No pictures go into the copy. Write out exactly the lines below from the one containing "Свеча для торта" through the one containing "醃制雞翅:大蔥切段,薑切片,蒜切片,鹽4".

☆ ☆ ☆ ☆

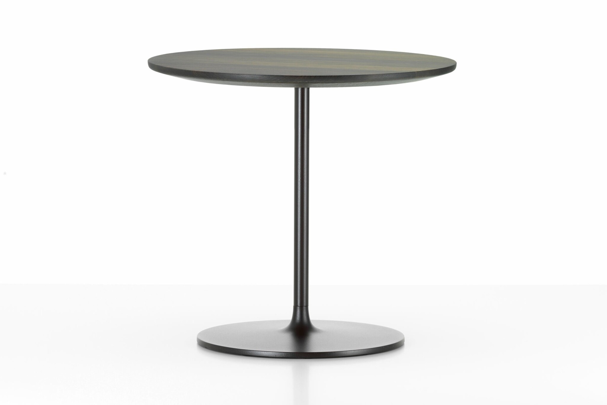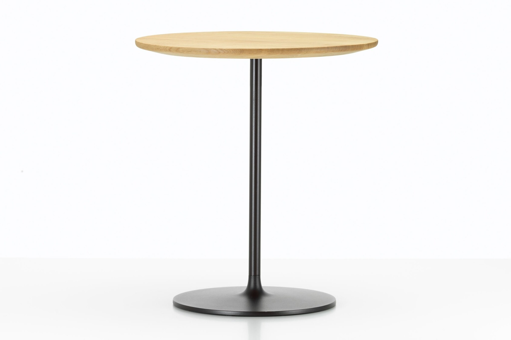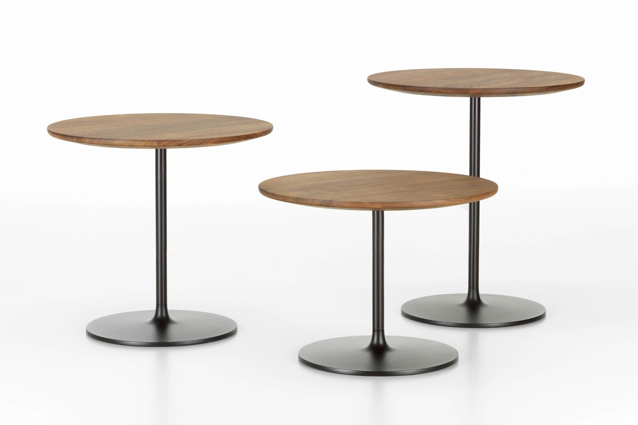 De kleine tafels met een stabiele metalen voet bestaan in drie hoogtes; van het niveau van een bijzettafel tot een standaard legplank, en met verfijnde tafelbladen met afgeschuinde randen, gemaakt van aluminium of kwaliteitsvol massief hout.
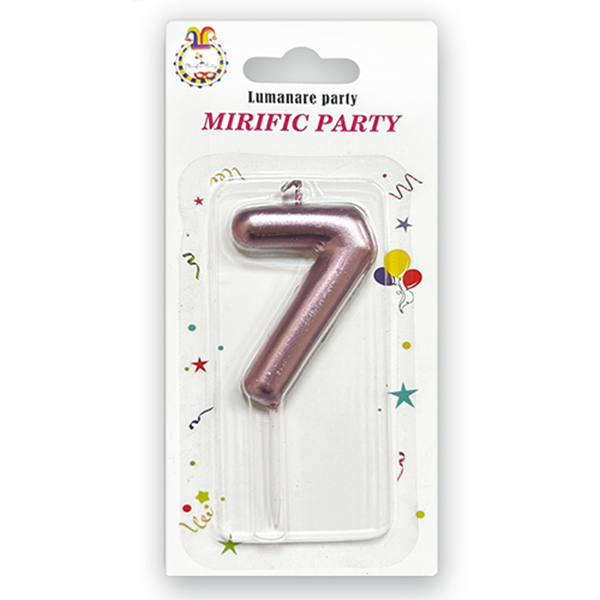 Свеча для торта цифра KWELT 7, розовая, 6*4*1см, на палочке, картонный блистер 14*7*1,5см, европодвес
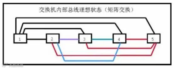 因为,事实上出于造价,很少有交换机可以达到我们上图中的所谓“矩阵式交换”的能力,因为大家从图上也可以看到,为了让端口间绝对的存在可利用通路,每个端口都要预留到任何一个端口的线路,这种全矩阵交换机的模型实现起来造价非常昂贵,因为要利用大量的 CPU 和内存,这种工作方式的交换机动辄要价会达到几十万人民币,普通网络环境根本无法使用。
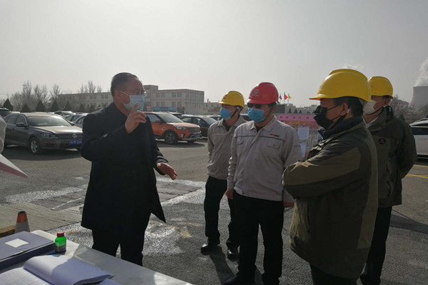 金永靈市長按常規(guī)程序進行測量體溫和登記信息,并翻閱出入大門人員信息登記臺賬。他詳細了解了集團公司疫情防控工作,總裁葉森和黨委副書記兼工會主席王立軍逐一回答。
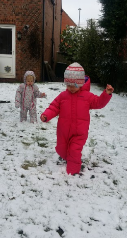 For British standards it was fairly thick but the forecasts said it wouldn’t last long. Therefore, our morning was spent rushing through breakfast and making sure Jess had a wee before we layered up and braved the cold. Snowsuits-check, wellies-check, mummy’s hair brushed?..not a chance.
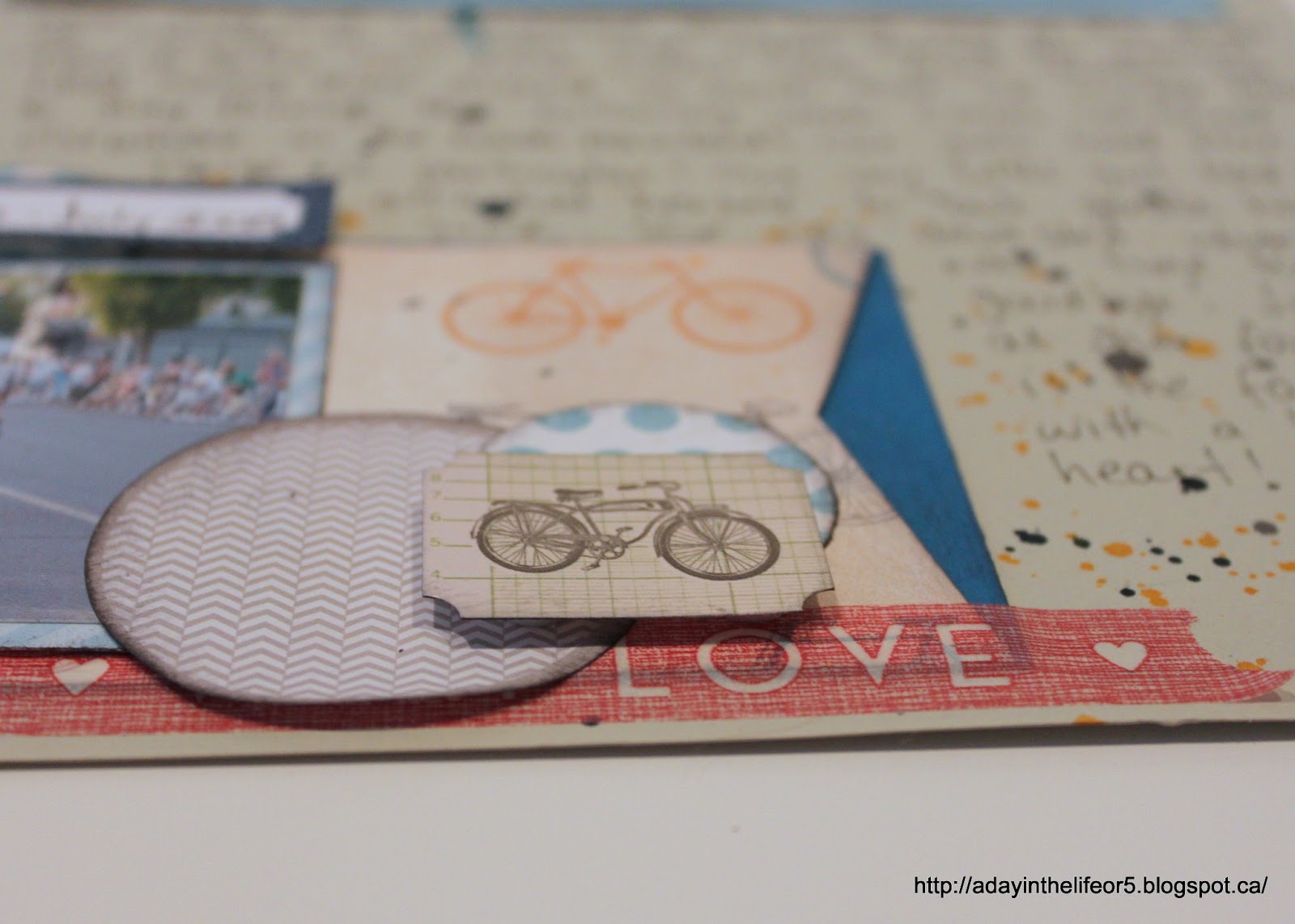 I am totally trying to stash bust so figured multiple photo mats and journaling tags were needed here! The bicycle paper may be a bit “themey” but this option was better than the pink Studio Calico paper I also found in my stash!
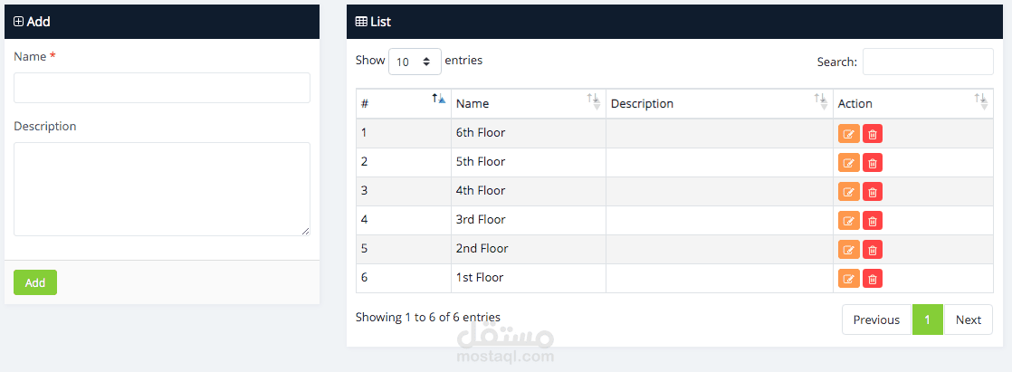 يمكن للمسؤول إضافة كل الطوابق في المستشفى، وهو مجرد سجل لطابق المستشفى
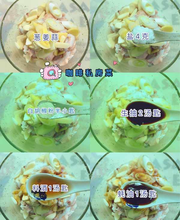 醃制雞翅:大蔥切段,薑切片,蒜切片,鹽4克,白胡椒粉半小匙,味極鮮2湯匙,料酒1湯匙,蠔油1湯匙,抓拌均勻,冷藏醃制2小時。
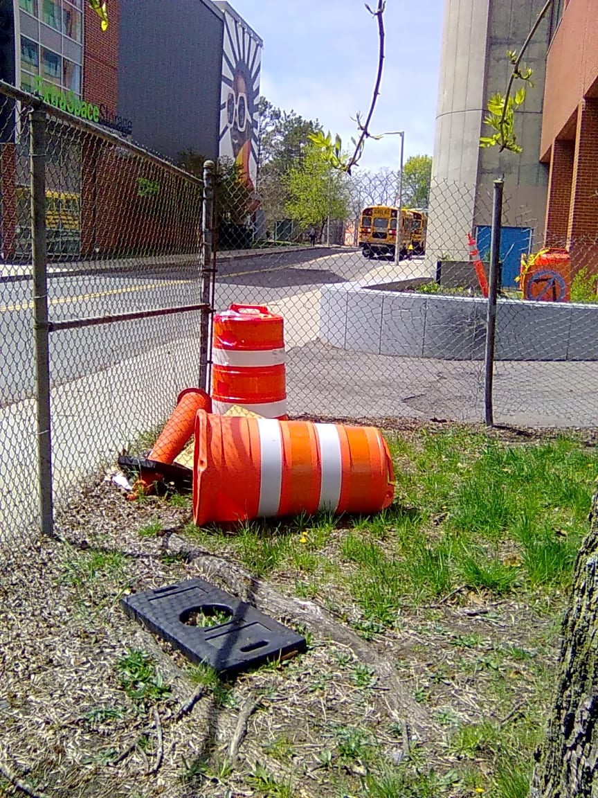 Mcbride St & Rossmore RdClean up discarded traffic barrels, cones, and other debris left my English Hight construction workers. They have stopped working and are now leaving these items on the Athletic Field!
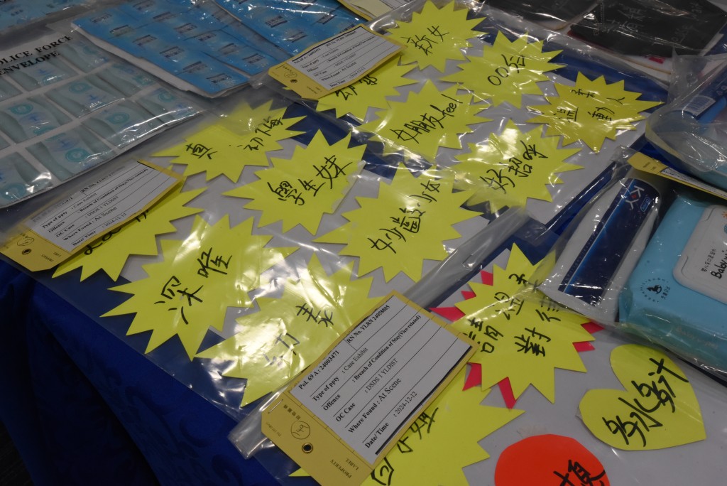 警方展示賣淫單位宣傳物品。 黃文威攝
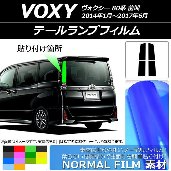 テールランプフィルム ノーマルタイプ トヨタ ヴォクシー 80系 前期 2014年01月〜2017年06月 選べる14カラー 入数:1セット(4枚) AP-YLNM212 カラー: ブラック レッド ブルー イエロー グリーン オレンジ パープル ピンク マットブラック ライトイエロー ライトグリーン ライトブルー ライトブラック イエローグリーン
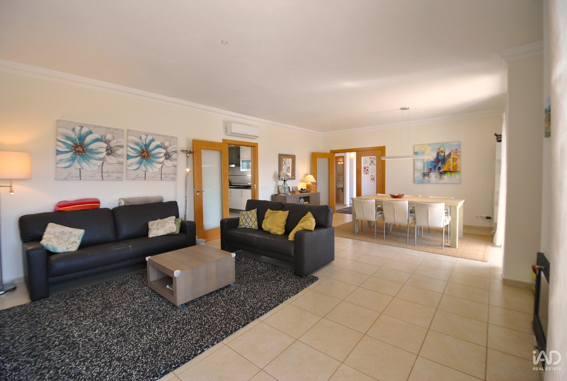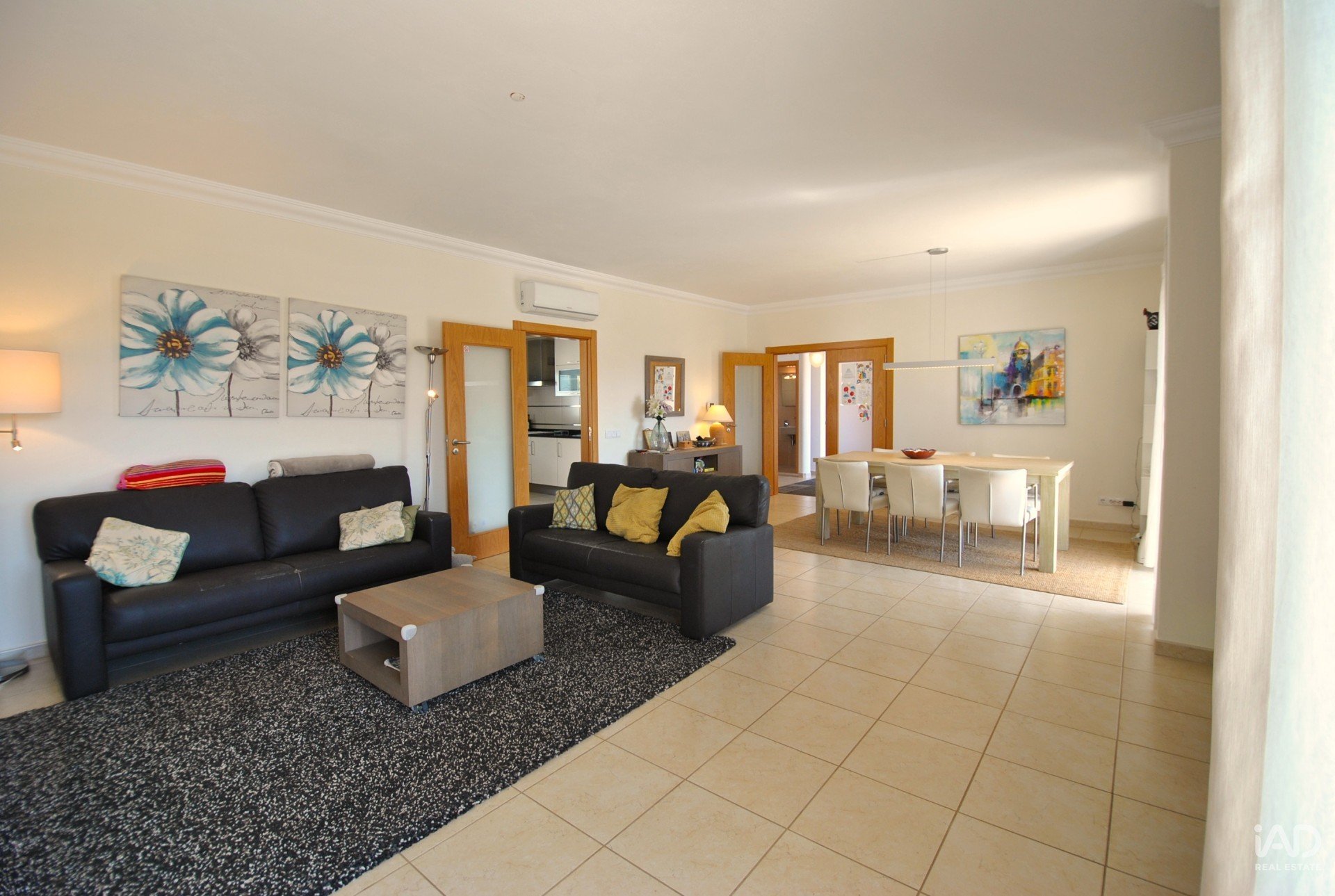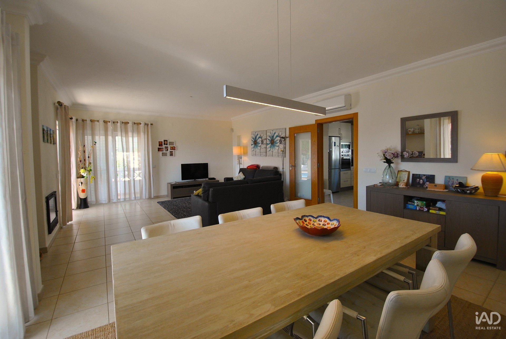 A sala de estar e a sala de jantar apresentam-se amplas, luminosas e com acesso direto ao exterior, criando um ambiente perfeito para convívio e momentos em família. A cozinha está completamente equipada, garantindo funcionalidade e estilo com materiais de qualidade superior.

☆ ☆ ☆ ☆

### Task solution
 Свеча для торта цифра KWELT 7, розовая, 6*4*1см, на палочке, картонный блистер 14*7*1,5см, европодвес
 因为,事实上出于造价,很少有交换机可以达到我们上图中的所谓“矩阵式交换”的能力,因为大家从图上也可以看到,为了让端口间绝对的存在可利用通路,每个端口都要预留到任何一个端口的线路,这种全矩阵交换机的模型实现起来造价非常昂贵,因为要利用大量的 CPU 和内存,这种工作方式的交换机动辄要价会达到几十万人民币,普通网络环境根本无法使用。
 金永靈市長按常規(guī)程序進行測量體溫和登記信息,并翻閱出入大門人員信息登記臺賬。他詳細了解了集團公司疫情防控工作,總裁葉森和黨委副書記兼工會主席王立軍逐一回答。
 For British standards it was fairly thick but the forecasts said it wouldn’t last long. Therefore, our morning was spent rushing through breakfast and making sure Jess had a wee before we layered up and braved the cold. Snowsuits-check, wellies-check, mummy’s hair brushed?..not a chance.
 I am totally trying to stash bust so figured multiple photo mats and journaling tags were needed here! The bicycle paper may be a bit “themey” but this option was better than the pink Studio Calico paper I also found in my stash!
 يمكن للمسؤول إضافة كل الطوابق في المستشفى، وهو مجرد سجل لطابق المستشفى
 醃制雞翅:大蔥切段,薑切片,蒜切片,鹽4克,白胡椒粉半小匙,味極鮮2湯匙,料酒1湯匙,蠔油1湯匙,抓拌均勻,冷藏醃制2小時。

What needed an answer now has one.